Mit der Medienmitteilung am letzten Donnerstag war die Amtsübergabe bereits vollzogen. Marc Walder, bisher verantwortlich für das Geschäft in der Schweiz und Deutschland, steht ab sofort als CEO an der Spitze des globalen Medienkonzerns Ringier.
Walders Vorgänger Christian Unger schreibt auf seiner Webseite, es sei für ihn der richtige Zeitpunkt, «neue Aufgaben anzunehmen». Auch von offizieller Seite war bisher nichts zu den Gründen für den überraschenden Führungswechsel zu erfahren; nur ein dürres Communiqué ohne Würdigung und Dankesworte für die Leistungen des bisherigen CEO, als wolle man die Ära Unger möglichst schnell vergessen machen.
Der Abgang Ungers überrascht insofern, als dass der bisherige Ringier-CEO bei seinem Amtsantritt 2009, der Sonntagszeitung sagte, «sehr viel länger als nur zwei oder drei Jahre» für Ringier arbeiten zu wollen. Nun waren es nur drei Jahre. Offensichtlich hat Unger die Erwartungen an die Dauer seiner Amtszeit drastisch nach unten korrigiert – oder korrigieren müssen.
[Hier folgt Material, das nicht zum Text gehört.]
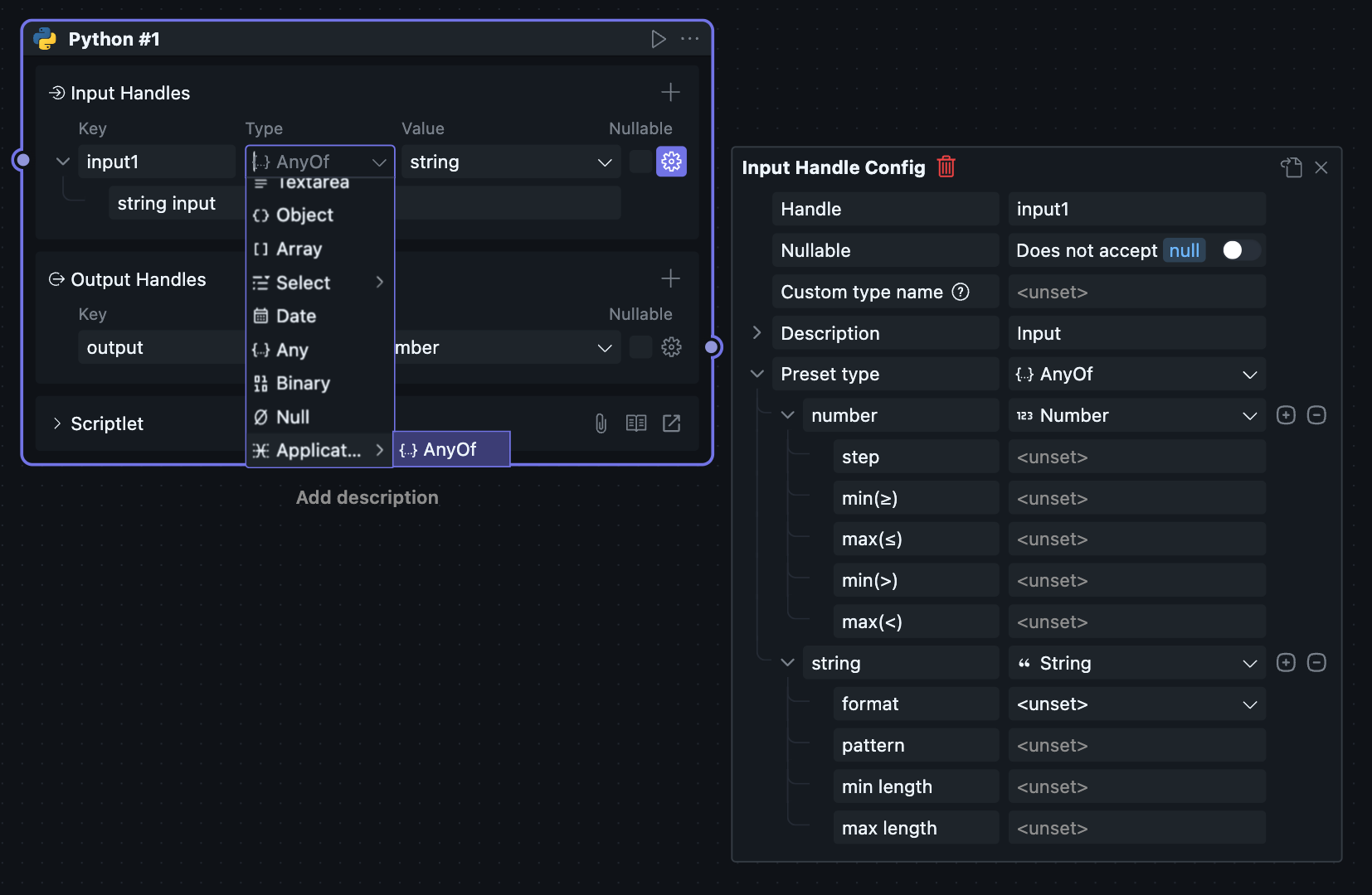 After selecting Any type, the right data input field will have a data type button for selecting input value types, which doesn't affect Handle type restrictions.

Einer der Gründe dafür heisst Marc Walder. Wer den Karriereverlauf des früheren Tennisprofis als Journalist und späterer Manager bei Ringier anschaut, erkennt nur eine Richtung: Nach oben. Nun ist er ganz oben angekommen. Insofern vermag höchstens der Zeitpunkt zu überraschen, nicht aber der Umstand, dass Walder irgendwann an der Spitze von Ringier stehen würde.
Als er vor einem Jahr danach gefragt wurde, ob er als nächstes den Posten von Unger übernehmen werde, beantwortet Walder die Frage ausweichend und sagte nur, dass er sehr glücklich sei und sich «in der spannendsten und zufriedenstellendsten Situation meines Berufslebens» befinde.
Mit Marc Walder steht nun jemand an der Spitze von Ringier, der der Verlegerfamilie sehr nahe steht. Den Verleger Michael Ringier kennt Walder seit dreissig Jahren. Deshalb gebe es eine persönliche und berufliche Komponente, die sie aber zu trennen wüssten. Die Nähe zum Verleger, sowie – noch wichtiger – die unternehmensinterne Karriere, sind denn auch die augenfälligen Unterschiede zum zurückgetretenen Christian Unger, der als externer Manager zu Ringier gekommen war. Damit war Unger eine grosse Ausnahme an der Spitze des Konzerns. Der letzte Spitzenmann ohne Stallgeruch war Peter Schneeberger Mitte der 1980er Jahre. Danach folgten mit Michael Ringier, Oscar Frei und Martin Werfeli alles Figuren mit langjähriger Ringier-Karriere.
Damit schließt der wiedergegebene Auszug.